Given that policy rates are already at zero, leaving no room for further rate cuts, and that fiscal policy in the US and the UK is headed in the direction of austerity, which would impact negatively on the economy, there is little prospect of policy support for an increase in DCF values, either.....

“When the situation is viewed in this light, we come to the realization that Mr. Bernanke’s QE2 was in fact a major gamble. It was a gamble in the sense that the Fed tried to raise share prices with QE2. If the wealth effect resulting from those higher prices led to improvements in the economy, the higher asset prices would ultimately be supported by higher real demand, thereby demonstrating that prices were not in a bubble.

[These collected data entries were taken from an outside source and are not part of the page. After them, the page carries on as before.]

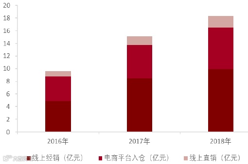 公司产品核心竞争力之一为“高性价比”,在线下渠道推广给予经销商的利润空间有限,因此线下渠道布局处于劣势。但是,小家电产品体积更小,无需安装,使用便利,因此公司在进行渠道选择的时候,就选择了线上为主线下为辅的布局。2018年,小熊线上销售额为18.3亿元,占总销售额的90.4%。
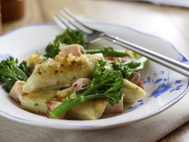 Tenderstem Kopytka (Polish Gnocchi) with Shallots and Polish Ham
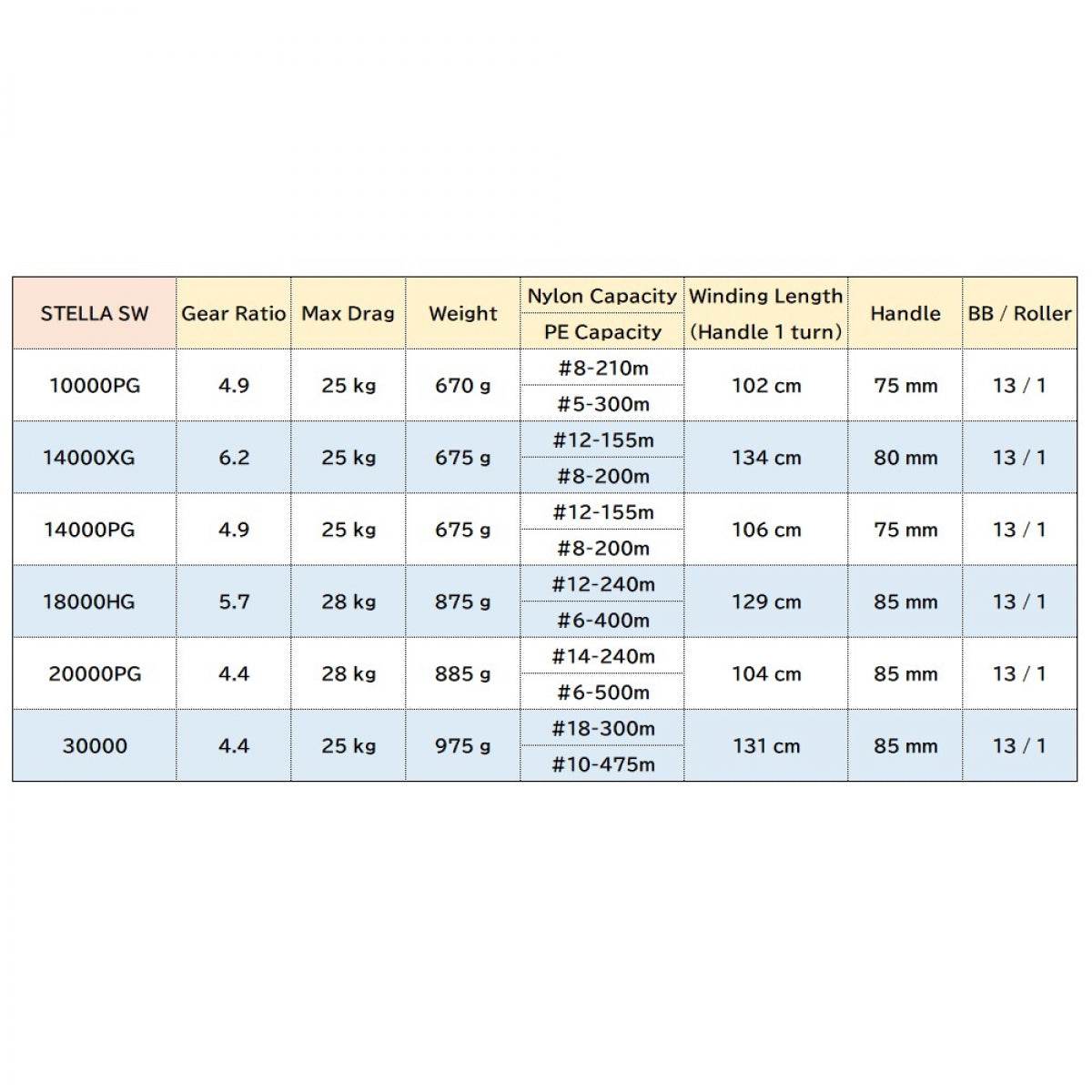 Gear : 4.9 Max Drag : 25kg BB : 13/1

However, I cannot help but feel that the portfolio rebalancing argument was putting the cart before the horse, in the sense that it is ordinarily a stronger real economy that leads to higher asset prices, and not the other way around." (Richard Koo: QE2 was a big gamble that now threatens economic stability", Pragmatic Capitalism)

In other words, the Fed should have embraced more traditional "Keynesian" fiscal policies to revive the economy and skipped the QE monkey-business altogether.

If Bernanke has inflated another equities bubble, we should know about it before too long. QE2 ends sometime in late June, which means that stocks should start to fall by mid-month or shortly thereafter. Look out below.